## Work item
Beginning at the top of the entries below, retype each line exactly until the line containing "而且裤口部份也不是直接散出去的宽口" has been written out; include no pictures and no later lines.

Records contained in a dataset
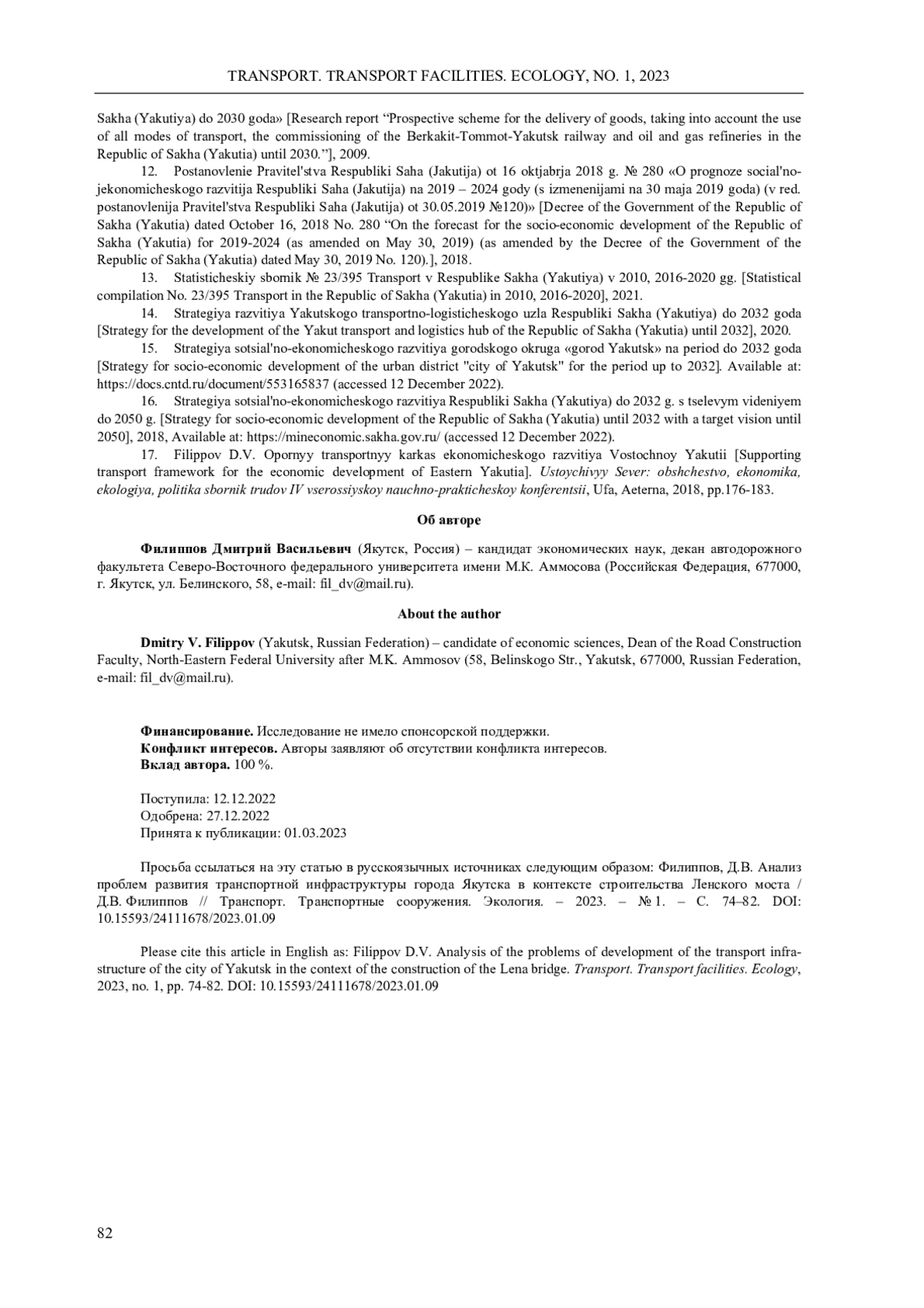 5. 	Filippov D.V. Approaches and features of economic efficiency assessment of the infrastructure transport projects // SHS Web of Conferences, 2021. - Vol. 112. - P. 00003.
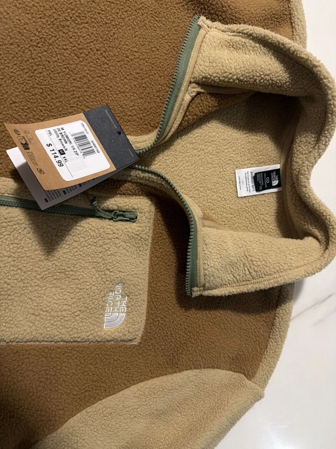 This is The North Face M Yumi_ori 1/4 Zip pullover. It's a Size XXL in the colour Utility Brown/K. This fleece jacket is perfect for staying warm on cooler days.
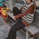 而且裤口部份也不是直接散出去的宽口
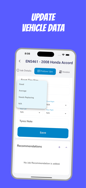 Отслеживание времени в режиме реального времени: механики могут отслеживать приход и отсчет времени, сканируя номерной знак автомобиля с помощью мобильного приложения, обеспечивая точное отслеживание трудозатрат без необходимости использования компьютеров.
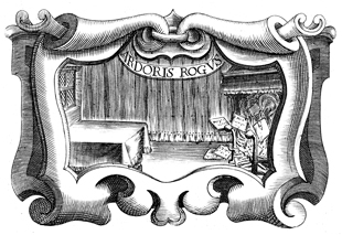 Description: A copper plate engraving depicts papers going into a fireplace and burning. The coat of arms and engravings in this book were designed by Silvestro Pietrasanta (1590-1647).
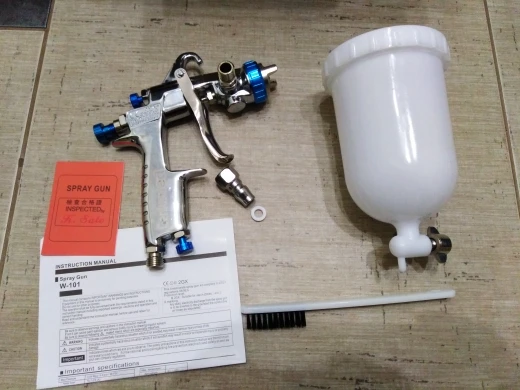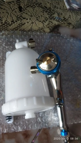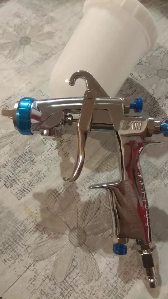 За эти деньги очень хороший пистолет. Недостатки: 1) Непривычное расположение бачка сбоку - центр тяжести. 2) При наклонах краска выливается из бачка При вводе в эксплуатацию не промыл воздухопровод. Поэтому две капельки масла вылетели и оставили кратер. Пришлось исправлять. Кто-то пишет, что у него факел восьмеркой. Это руки у него восьмеркой. При правильной настройке давления и количества окрасочного материала факел хороший, наполненный, ровный.
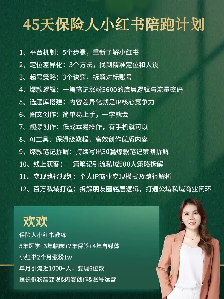 关于做自媒体,我开设了一门课程---【45天保险人小红书陪跑计划】,里面汇集了我2个月从0涨粉到1万,引流1000+的心法和技法除此之外,我特意针对保险人进行全新设计,提供落地可用的方法和技巧,提高保险人获客&增员效率欢迎添加我的微信:345348995,私信报名!!!
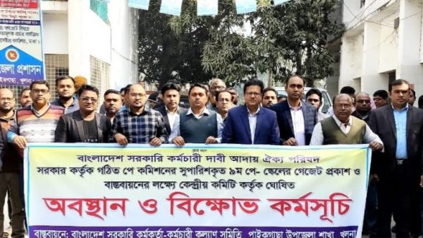 পাইকগাছা প্রতিনিধি : সরকার কর্তৃক গঠিত পে কমিশনের সুপারিশ অনুযায়ী নবম পে-স্কেলের গেজেট প্রকাশ ও দ্রুত বাস্তবায়নের দাবিতে খুলনার পাইকগাছা উপজেলায় সরকারি কর্মচারীরা অবস্থান ও বিক্ষোভ কর্মসূচি পালন করেছেন। বাংলাদেশ ...বিস্তারিত পড়ুন

## Written solution
 5. 	Filippov D.V. Approaches and features of economic efficiency assessment of the infrastructure transport projects // SHS Web of Conferences, 2021. - Vol. 112. - P. 00003.
 This is The North Face M Yumi_ori 1/4 Zip pullover. It's a Size XXL in the colour Utility Brown/K. This fleece jacket is perfect for staying warm on cooler days.
 而且裤口部份也不是直接散出去的宽口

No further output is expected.